Diagnostic Studies and Procedures
A dermatologist usually can diagnose the condition by examining the skin for the characteristic herald patch. She will also check the appearance of individual lesions — the lesions of pityriasis rosea typically have raised borders where scaling is most prominent — and closely examine the distribution of the rash. If it has an unusual appearance, skin scrapings may be sent to a laboratory for analysis to rule out a fungal infection. Blood tests also may be ordered.
Pityriasis rosea is a self-limiting condition and will eventually clear up without treatment. If the itchiness interferes with sleep or other activities, steroids may be prescribed. Medicated lotions and lubricants may also be given to help alleviate itching. In severe cases, ultraviolet light treatments may help. Such treatments should always be supervised by an experienced health professional.
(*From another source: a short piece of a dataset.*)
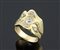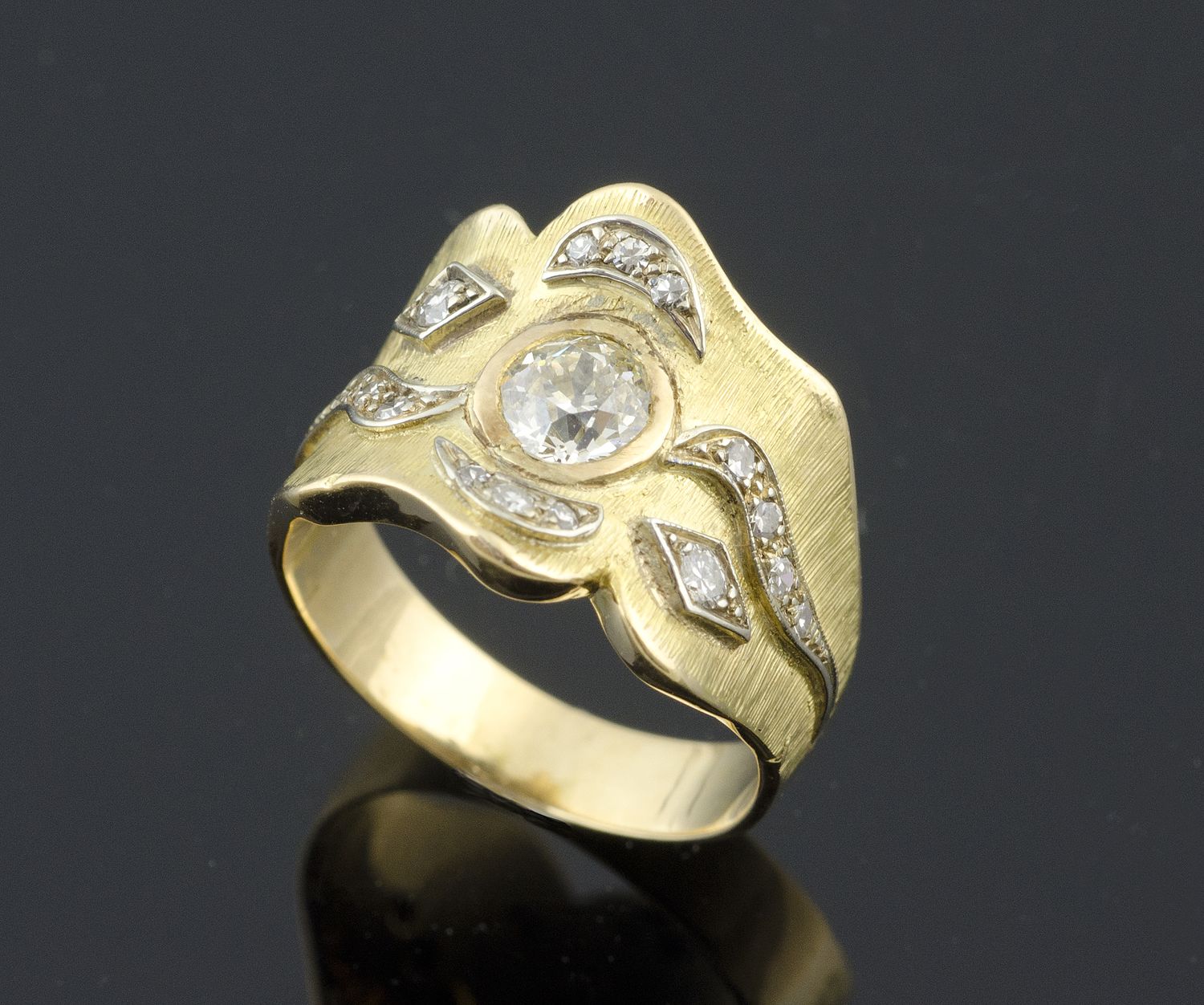Anello in oro giallo satinato a fascia con al centro diamante taglio vecchia Europa per ct 0,65 , diamanti taglio huit huit sui decori ondulati per ct 0,30

Herbal Medicine. Compresses soaked in witch hazel or an infusion of geranium, chamomile, lavender, or juniper berry are recommended to help ease the itching and skin inflammation. Ointments or salves that contain arnica, calendula, duckweed, or elder have been found effective too. A cucumber poultice is yet another method for relieving itchiness.
Hydrotherapy. A time-honored way to alleviate itchiness is to add two cups of apple cider vinegar to tepid bathwater. Alternatively, a cup of baking soda or a pint of thyme tea may help. Avoid hot baths and saunas, as heat often worsens the itchiness of pityriasis.
Hypnotherapy and Visualization. These techniques may be helpful in coping with itching. For example, by using self-hypnosis, an individual may be able to create a sensation of numbness in the itchy spots.
Resist the urge to scratch, which actually worsens the condition by setting in motion an itch-scratch-itch cycle. Scratching also can lead to infection. Nonprescription products such as hydrocortisone creams and calamine lotion applied to the rashy areas will usually ease the itching. Bath preparations containing colloidal oatmeal may also be soothing, but be sure the water is tepid rather than hot or cold.
Over-the-counter antihistamines such as Benadryl may also relieve itching, but they often cause drowsiness, which' may make it difficult to use these medications for long periods.
Because physical exertion and over-heating sometimes worsen the disorder, try to avoid vigorous exercise that is likely to produce sweating. And don't use strong soaps and cosmetics, as they may increase the irritation.
Exposing the rash to sunlight may hasten healing, but should be limited to a few minutes in the morning or late afternoon when you are less likely to become sunburned.
Other Causes of Itchy Rashes
Eczema and dermatitis cause itchy rashes, but unlike pityriasis, these conditions tend to be chronic. Psoriasis is also characterized by scaly lesions, but they are usually larger and thicker. Among infectious disorders, ringworm and other forms of tinea can produce an itchy, scaly rash that may be confused with pityriasis rosea, as may a reaction to penicillin and other medications.
Syphilis causes a red, scaly, bumpy rash during its second stage, usually about six weeks after the infection is contracted. Thus, a laboratory test to check out the possibility of syphilis is in order if such a rash is accompanied by a lever or enlarged lymph nodes in the neck, armpit, or groin.